I seldom write reviews but I felt with this book I need to write one... maybe I can save you from wasting hours of your life. I hope the author never reads this as I don't want to bring pain into his life, yet I do this to spare others from this book.
Let me start saying that I love buddhism and good stories. Yet, I kept waiting for this book to become something else than a guy complaining about everything. Unfortunately it never did. This book did not provide an interesting story nor any sort of buddhist insight beyond the utterly most pedestrian buddhism.
Save your time and money.
The characters annoying and the performance overdone. Just couldn't stand listening to it. Only got through about one hour of it.
Given the protagonist a less irritating flaw than temper tantrums. Given the same person a profession that the author actually knew something about. A food expert he is not. More like a food aficionado.
He did his best.
I will not lie. It started off rough. The first half an 10-15 minutes didn't grab me, but once they set on the road...WOW!!! I couldn't stop listening to it. Sean Runnette did an amazing job with Rinpoche. And Roland Merullo made me laugh, made me think, and came close to making me cry. I actually think I might have shed a tear. It was wonderful. If you are open enough to have come this far, go for it. You WILL enjoy it...after the first 10-15 minutes. c:
I'm on chapter 33 and I find myself skipping not only whole pages but entire chapters wondering when this is going to be over. It started with such promise and now we just been wandering around Wisconsin, lost, no end in sight.
I'll fight my way through a few more chapters but then I give up.
I guess I was expecting some insightful observations, but there is thing here but a road trip with (2) very boring characters. Very flat narration. Not much to enjoy apart from a few humorous interludes.

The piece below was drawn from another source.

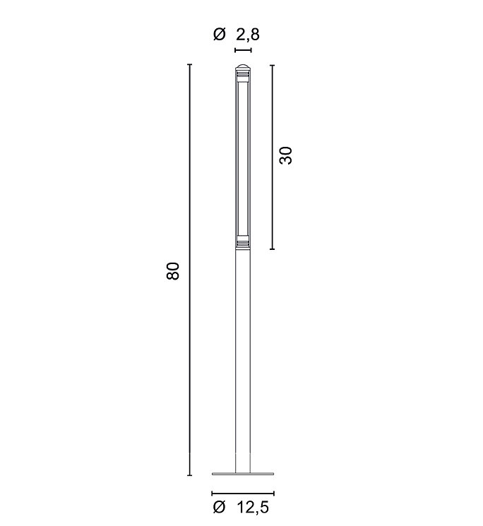 Lampadaire IP67 à lumière diffuse avec circuit LED intégré, structure en acier AISI 316L et diffuseur en méthacrylate transparent résistant aux UV.
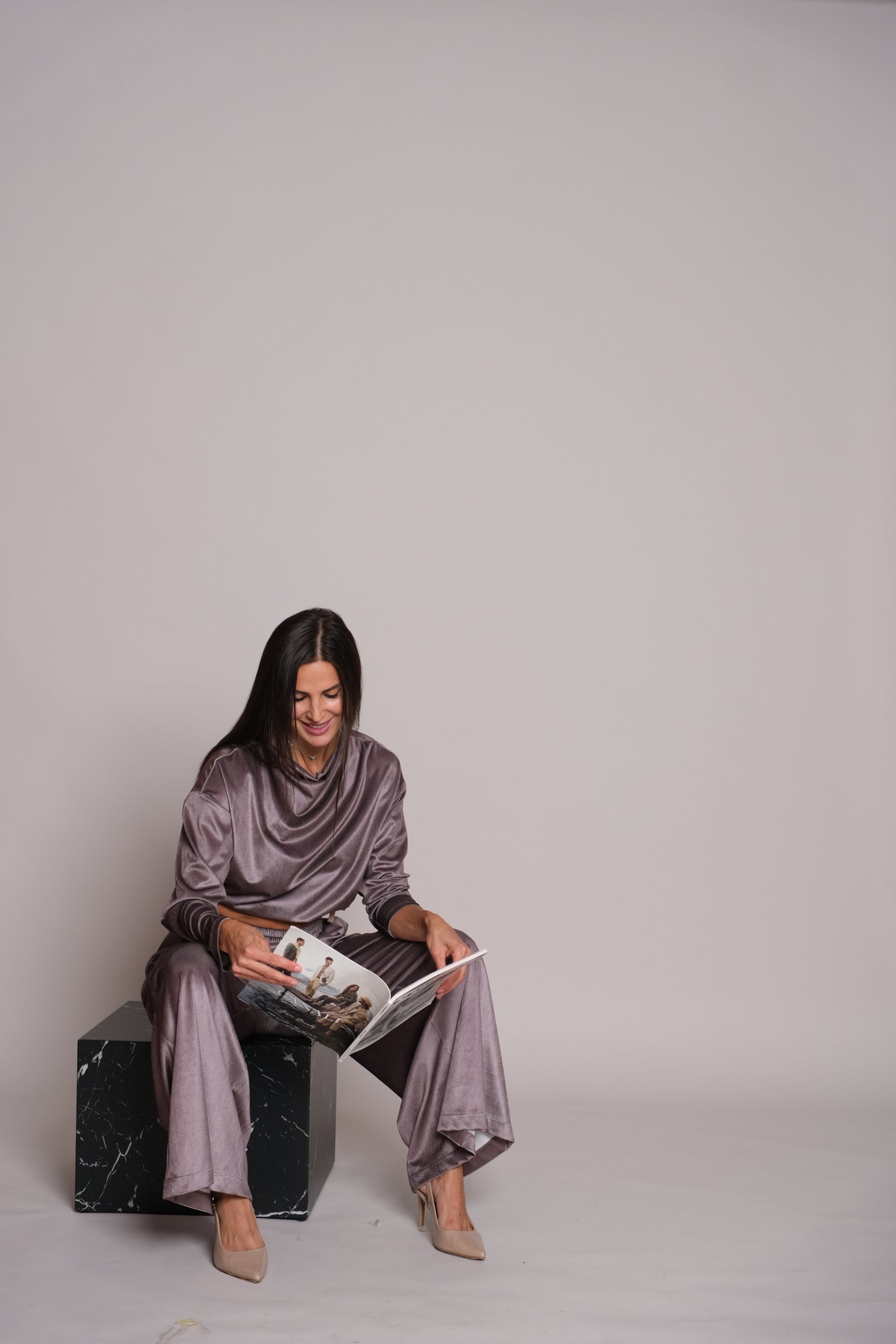 Влезте в света на ненатрапчивата елегантност с панталона Velora Trousers Lavender. Изработен от изключително мек плат, напомнящ кадифе, той съчетава луксозно усещане с ежедневна лекота. Широкият крачол пада свободно и създава едновременно комфорт и изискан силует. Скритата връзка на талията позволява индивидуално регулиране, без да нарушава чистите линии – практичност и стил в едно. Подходящи както за непринудена дневна визия, така и за по-елегантни вечерни комбинации, тези панталони въплъщават модерна универсалност със спортен акцент.

Disappointing.
I could not recommend this read to anyone I know
No. The monotone quality of his voice left the listener begging for any ounce of deflection.
The first six chapters that I suffered through, couldn't to listen to more then that
If I said the writing of this book was lackluster, it would be a complement. I have never read of caricatures more boring . I kept waiting for something, ANYTHING to take a turn; however, by mid chapter six I realized that it wasn't going to.
I think there were some good messages but they were buried in too much detail about the food the author ate. The author was way too self involved for my taste. He came off arrogant and self important.